Dynegy/Blackstone
On August 13, 2010, Dynegy Inc. (NYSE: DYN) entered into a definitive merger to be acquired by an affiliate of The Blackstone Group L.P. (NYSE: BX) for approximately $4.7 billion, including the assumption of existing debt.
Under the terms of the merger agreement, Dynegy stockholders will receive $4.50 in cash for each outstanding share of Dynegy common stock they own, which represents a 62 percent premium to the closing share price on August 12, 2010.
The equity portion of the agreement is $543 million.
The transaction is expected to close by the end of 2010.
As part of the deal, Blackstone and NRG Energy have entered into a separate agreement through which NRG Energy will acquire four natural gas-fired assets currently owned by Dynegy - the Casco Bay facility in Maine and the Moss Landing, Morro Bay and Oakland facilities in California - for cash consideration of approximately $1.36 billion.

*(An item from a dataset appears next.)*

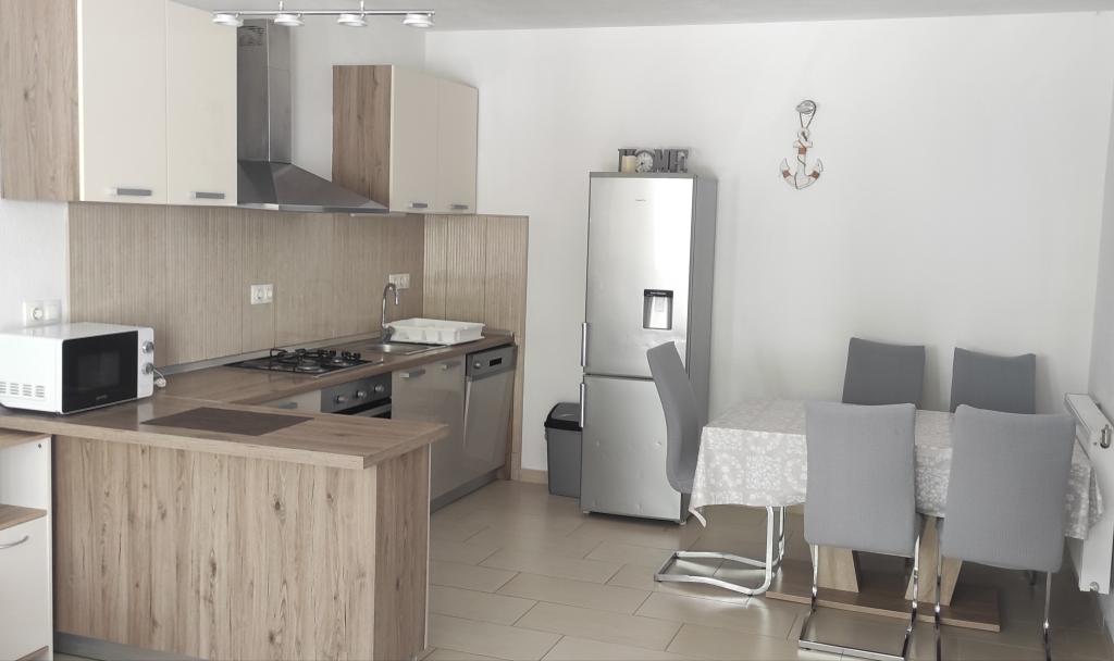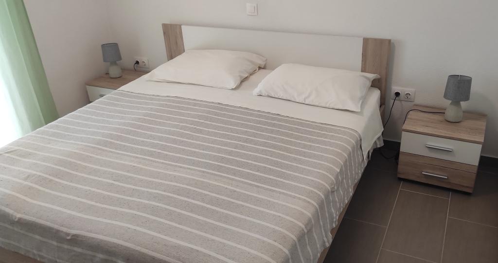 Obiteljska kuća sa dva kompletno opremljena apartmana nalazi se u mirnom dijelu mjesta, nedaleko od centra (2 min hoda) i plaže (3 min hoda). Objekt je okružen velikom okućnicom s mnogo zelenila i hlada, te je odmaknut od prometnice što osim mira, pruža i osjećaj sigurnosti. Ispred se nalazi i veliki privatni parking, te travnjak pogodan za igru. Apartman A2+2 nalazi se u prizemlju kuće, a sastoji se od jedne spavaće sobe, kuhinje, blagovaonice, dnevnog boravka sa garniturom na razvlačenje i kupaonice. Ispred se nalazi prostrana natkrivena terasa. Apartman A4+2 nalazi se na prvom katu, a sastoji se od dvije spavaće sobe, kuhinje, blagovaonice, dnevnog boravka sa garniturom na razvačenje i kupaonice. Ispred se nalaze dvije prostrane natkrivene terase. Svi gosti mogu koristiti grill u dvorištu. Domaćini su ljubazni i susretljivi.

Goldman, Sachs & Co. and Greenhill & Co., LLC acted as financial advisors to Dynegy and provided Dynegy's Board of Directors with fairness opinions related to the transaction. Sullivan & Cromwell LLP acted as legal counsel to Dynegy. Credit Suisse Securities (USA) LLC and Blackstone Advisory Partners acted as financial advisors to Blackstone. Simpson Thacher & Bartlett LLP acted as legal counsel to Blackstone.